>>>
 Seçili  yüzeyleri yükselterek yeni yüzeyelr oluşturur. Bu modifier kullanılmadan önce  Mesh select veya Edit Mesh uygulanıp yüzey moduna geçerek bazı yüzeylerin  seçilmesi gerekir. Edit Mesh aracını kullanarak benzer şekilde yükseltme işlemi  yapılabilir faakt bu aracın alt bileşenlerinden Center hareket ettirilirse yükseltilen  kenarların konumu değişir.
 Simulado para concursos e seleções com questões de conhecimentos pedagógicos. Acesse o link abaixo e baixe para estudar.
<<<
>>>
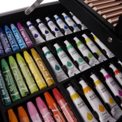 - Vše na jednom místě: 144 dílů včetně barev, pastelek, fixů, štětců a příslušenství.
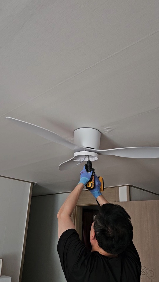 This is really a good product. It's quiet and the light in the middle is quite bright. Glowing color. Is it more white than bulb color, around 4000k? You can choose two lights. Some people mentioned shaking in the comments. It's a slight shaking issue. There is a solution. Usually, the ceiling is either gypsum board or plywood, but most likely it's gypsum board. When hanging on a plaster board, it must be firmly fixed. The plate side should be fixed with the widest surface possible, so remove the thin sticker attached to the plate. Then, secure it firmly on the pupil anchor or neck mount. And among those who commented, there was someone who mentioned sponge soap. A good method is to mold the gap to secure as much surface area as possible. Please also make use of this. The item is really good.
<<<
HOW TO COMPLETE THIS TASK - Beginning at the line with "kenarların konumu değişir." and ending at the line with "Simulado para concursos", reproduce each line of the data above exactly, and add no other lines.

RESPONSE TO THIS TASK -
 Seçili  yüzeyleri yükselterek yeni yüzeyelr oluşturur. Bu modifier kullanılmadan önce  Mesh select veya Edit Mesh uygulanıp yüzey moduna geçerek bazı yüzeylerin  seçilmesi gerekir. Edit Mesh aracını kullanarak benzer şekilde yükseltme işlemi  yapılabilir faakt bu aracın alt bileşenlerinden Center hareket ettirilirse yükseltilen  kenarların konumu değişir.
 Simulado para concursos e seleções com questões de conhecimentos pedagógicos. Acesse o link abaixo e baixe para estudar.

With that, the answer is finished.